General characteristics
- Class & type: Type 052D destroyer
- Displacement: 7,500 tons (full load)
- Length: 157 m (515 ft)
- Beam: 17 m (56 ft)
- Draught: 6 m (20 ft)
- Propulsion: Combined diesel or gas
- Sensors & processing systems: Type 346 radar; Type 518 radar; Variable depth sonar; Towed array sonar;
- Armament: 1 x 130 mm gun; 1 × HQ-10 short-range SAM 24-cell launcher; 64 cell VLS; HHQ-9 SAM; YJ-18 SSM; CY-5 ASW; Type 730 CIWS;
- Aircraft carried: Helicopter
- Aviation facilities: Hangar; Helipad;

= Chinese destroyer Hefei (174) =

Type 025D destroyer of the PLA Navy

Hefei (174) is a Type 052D destroyer of the People's Liberation Army Navy. She was commissioned on 12 December 2015.

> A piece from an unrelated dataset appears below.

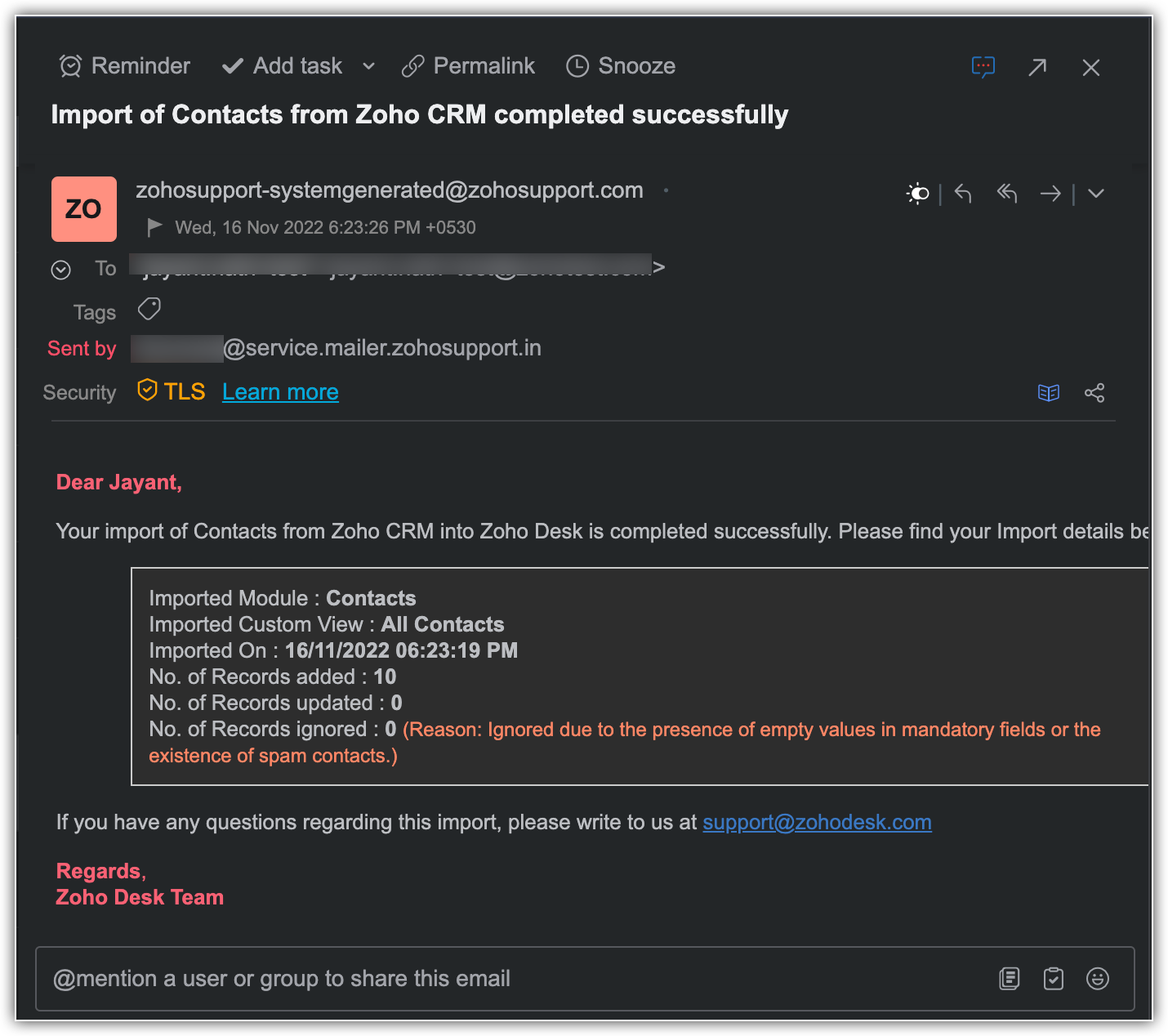 Sì, una volta completata l'integrazione Zoho CRM/Desk, riceverà una notifica email con le statistiche dei record aggiunti, aggiornati e ignorati e il motivo dei record saltati, se presenti.

== Development and design ==
The basic ship type and layout of the Type 052D guided-missile destroyer is the same as that of the Type 052C destroyer, but compared to the earlier Type 052C destroyer, the Type 052D superstructure has a larger inclination angle and provides better stealth performance. At the same time, the 052C helicopter hangar is located on the left side of the hull axis, which was changed to the center axis of the ship on Type 052D; a pair of small boat storage compartments was added on both sides of the hangar, similar to the design on the Type 054A frigate.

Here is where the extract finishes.